Which other coding tasks can benefit from AI assistance?
- Improving or optimising your code e.g. “Can you refactor this code to move the species-filtering logic into a small function, without changing its behaviour?”
- Generating first drafts or rapid prototypes
- Translating code between programming languages (Make sure you understand the translation so that you can troubleshoot, extend, or adapt it safely for future analyses!)
Discussion: Which coding tasks could AI help you with?
When you next have to write some code for data analysis or software development, which tasks would you use AI tools to assist with?
Integrating AI Tools into IDEs
In this episode, we have used separate interfaces to interact with AI and to run our code. As of 2025 this was the most common way that researchers interacted with AI for coding assistance. However, it is also possible to integrate AI into an environment you use to write and run code (known as an Integrated Development Environment or IDE). For example, an AI assistant called GitHub Copilot can be integrated IDEs such as Visual Studio Code. There are some advantages and disadvantages to this integrated approach:
Advantages of using an IDE-Integrated AI Assistant
- Context awareness: Integrated AI can access the files and project structure in your IDE, making suggestions that are relevant to your current codebase.
- Immediate feedback and autocompletion: As well as the AI chat tool that we’ve been using in this session, IDE-integrated AI also offers autocompletion and code suggestions as you’re typing.
- Seamless workflow: You don’t have to switch between windows or copy-paste code. Everything happens in one environment, which can reduce cognitive load.
Disadvantages of using an IDE-Integrated AI Assistant
- Limited explanation: Unlike a standalone AI like ChatGPT, IDE-integrated AI often provides suggestions without detailed reasoning. This can reduce researchers’ understanding of AI-generated code
- Potential over-reliance: It can be very tempting to accept AI code suggestions that appear to work, without fully understanding them, and this can lead to errors or misunderstandings about what your code does.
- Privacy and security risks: The AI may send code snippets to cloud services for processing.

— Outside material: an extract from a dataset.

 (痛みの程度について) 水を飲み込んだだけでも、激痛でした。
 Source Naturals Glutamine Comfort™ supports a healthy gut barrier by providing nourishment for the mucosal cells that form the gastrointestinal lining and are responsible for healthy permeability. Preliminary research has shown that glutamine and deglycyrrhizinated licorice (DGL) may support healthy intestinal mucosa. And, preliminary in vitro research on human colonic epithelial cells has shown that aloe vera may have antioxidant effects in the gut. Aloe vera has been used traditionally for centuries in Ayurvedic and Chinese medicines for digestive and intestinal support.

Sensitive data or unpublished research could be exposed if this is not carefully managed.
For training on IDE-integrated AI assistants see Developing Research Software with AI Tools
- Delegating full software development to AI without understanding the
code introduces technical, ethical, and reliability risks.
- AI tools should function as assistants, not autonomous developers,
supporting learning, debugging, and code generation.

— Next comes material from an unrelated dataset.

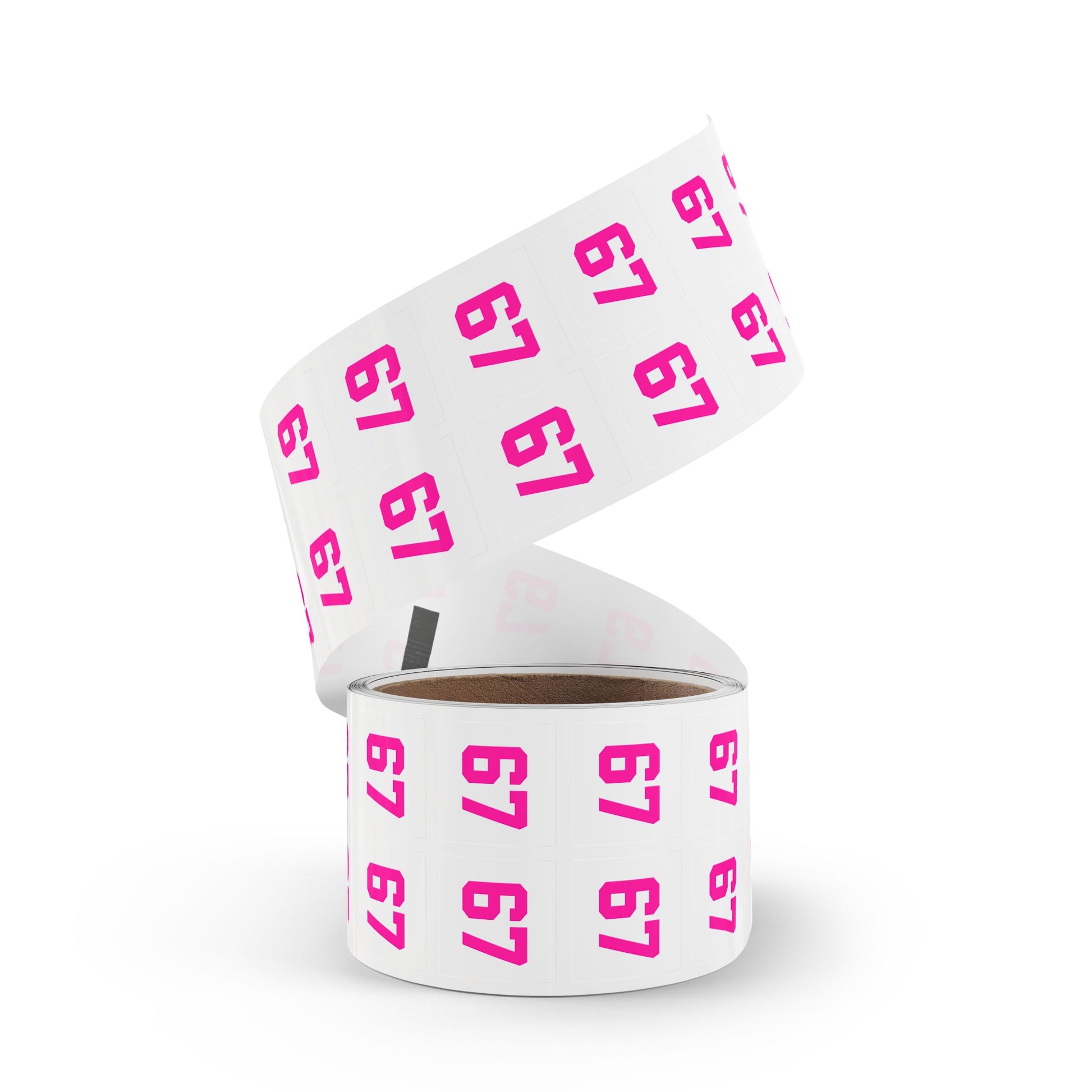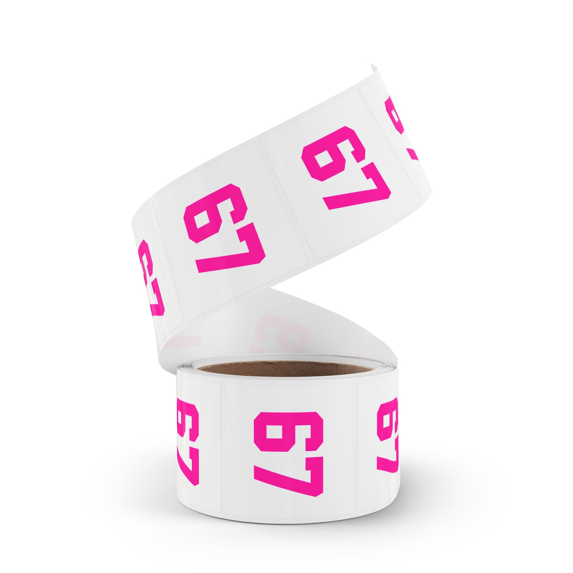- Available in 1" x 1" and 2" x 2" square sizes, pink number version

- AI can be used as a reference tool to locate, summarise, and clarify
technical information more efficiently than traditional search.
- Researchers can use AI to explain unfamiliar code line by line,
helping them understand programming constructs and libraries.

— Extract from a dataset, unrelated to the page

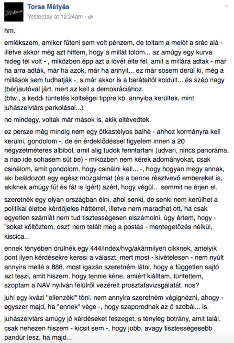 Õ nem válaszol, nem, ez támadás, ez karaktergyilkosság, és ő ezt nem tűrheti, ő a rendszer áldozata, derék ágrólszakadt baloldaliak csak úgy léteznek és kész, adományokat kapogatnak innen-onnan, mi közöd van neked ahhoz, hogy egy ellenzéki miből él szegényesen - ahogy ő mondja, biztosan olyan szegényes lehet a II. kerületi lét.

- AI can assist with debugging by explaining errors and suggesting
possible fixes, but researchers should independently verify
solutions.
- AI is useful for generating boilerplate code, performing basic
refactoring, and drafting technical documentation, saving time on
repetitive tasks.
- AI can translate code between programming languages, but outputs
must be reviewed for correctness, compatibility, and
reproducibility.
- Integrating AI into IDEs offers contextual suggestions and autocompletion, but carries risks of over-reliance, limited explanation, and potential privacy concerns.